B&W 702 Signature Loudspeaker
You'd be forgiven for a double-take when gazing upon the latest offerings from Bowers & Wilkins, the £4499 702 Signature speakers. One of two new Signature models from the Worthing-based company – the other is the £2699 705 Signature standmount – there's little to set this slender floorstander apart from the £3399 702 S2 on which it's based [HFN Dec '17], beyond a rather snazzy wood finish to the cabinet, some shinier trim-rings around the drivers, with a matching grille over the tweeter, and a metal 'Signature' plate on the rear panel.

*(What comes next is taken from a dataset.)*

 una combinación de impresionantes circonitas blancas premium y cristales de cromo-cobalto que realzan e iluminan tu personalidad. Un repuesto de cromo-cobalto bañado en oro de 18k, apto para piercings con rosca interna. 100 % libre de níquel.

The in-house designed and built drivers are the same, as is the configuration, the just under 1m-tall cabinet housing a midrange driver and a trio of bass units, the latter tuned with a rear-venting port. The tweeter sits in its own pod atop the enclosure, in a design the company calls 'tweeter-on-top' derived from its 800 series, and long a feature of upmarket B&W speakers.
Neither is the 'Signature' idea new for the company but anyway here we have new versions of two models from the nine-strong 700 S2 range launched back in 2017, which have been, we are told, 'crafted, honed and perfected' to create this new Signature duo.
Carbon Coating
So what's actually new here? Well, the standout feature is that wood veneer, which is unarguably luxurious. The standard 702 S2 model is available in gloss black, rosenut and satin white while these Signatures are clad in Datuk Gloss ebony-coloured veneer, sourced from specialist Italian wood processing company Alpi. The latter's sustainably sourced products are more commonly found in the decor of upscale apartments, and luxury yachts from the likes of Beneteau, Feretti and Riva.

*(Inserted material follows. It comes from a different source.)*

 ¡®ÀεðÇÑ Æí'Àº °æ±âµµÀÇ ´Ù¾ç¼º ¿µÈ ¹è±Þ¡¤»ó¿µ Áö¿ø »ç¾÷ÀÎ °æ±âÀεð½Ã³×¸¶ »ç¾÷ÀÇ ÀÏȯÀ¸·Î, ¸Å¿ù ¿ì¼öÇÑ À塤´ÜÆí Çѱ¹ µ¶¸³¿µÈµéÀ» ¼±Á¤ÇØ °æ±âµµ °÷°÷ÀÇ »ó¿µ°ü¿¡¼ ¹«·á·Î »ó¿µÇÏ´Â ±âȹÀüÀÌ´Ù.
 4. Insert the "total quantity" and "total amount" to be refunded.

Closely pair-matched, but with a grain pattern unique to each set of Signatures, the veneers from this 101-year-old Italian company are topped off with nine layers of finish – primer, base and lacquer – by B&W, giving them their deep gloss looks. No alternative finishes are available.
The driver lineup will be familiar to anyone who's kept up to speed with the current generations of B&W speakers, starting with the 25mm 'Carbon Dome' tweeter, which actually uses a 30 micron aluminium dome stiffened with a coating of carbon applied by physical vapour deposition, and then further reinforced with a 300 micron-thick ring of carbon bonded to its inner surface. All this pushes the first break-up point of the driver out to around 47kHz.
Splendid Isolation
The tweeter is mounted in that 'solid body tweeter-on-top' housing, milled from a single chunk of aluminium and mounted compliantly to the top of the main cabinet. This assembly, weighing over 1kg, both isolates the tweeter from the effects of the larger drivers below and acts as a heatsink for the tweeter motor. The midrange is a 165mm Continuum driver, of a kind first seen in the 800 series Diamond range as a replacement for the company's famous yellow Kevlar cones. Its woven composite cone is of in-house design and its chassis engineered for maximum stiffness. It uses B&W's FST 'surroundless' design and utilises tuned mass damping to tackle resonances.
The entire midrange driver is decoupled from the cabinet, which is probably no bad thing given that it sits above a trio of 165mm 'Aerofoil Profile' bass drivers, their cones formed from composite skins enclosing an EPS foam core. Again, this is a design derived from the 800 series lineup, albeit in a simplified form here and in the standard 700 S2 models. So, a new cabinet finish, but the same drivers as the plain vanilla 702 S2 – is that it? Not quite, as the Signature model also has an upgraded crossover design and components, running to 'specially treated and upgraded bypass capacitors sourced from Mundorf, larger heatsinking and an upgraded low-frequency capacitor on the bass section'.
The speakers are supplied with both spikes and, for hardwood floors, rubber feet, while the full-length grilles for the main enclosure are attached with invisible magnetic fixings, and the metal grille over the tweeter is fixed in place. The terminals are mounted low down to the rear, below the dimpled port, and these are linked with jumper bars that are removable for bi-wiring or bi-amping.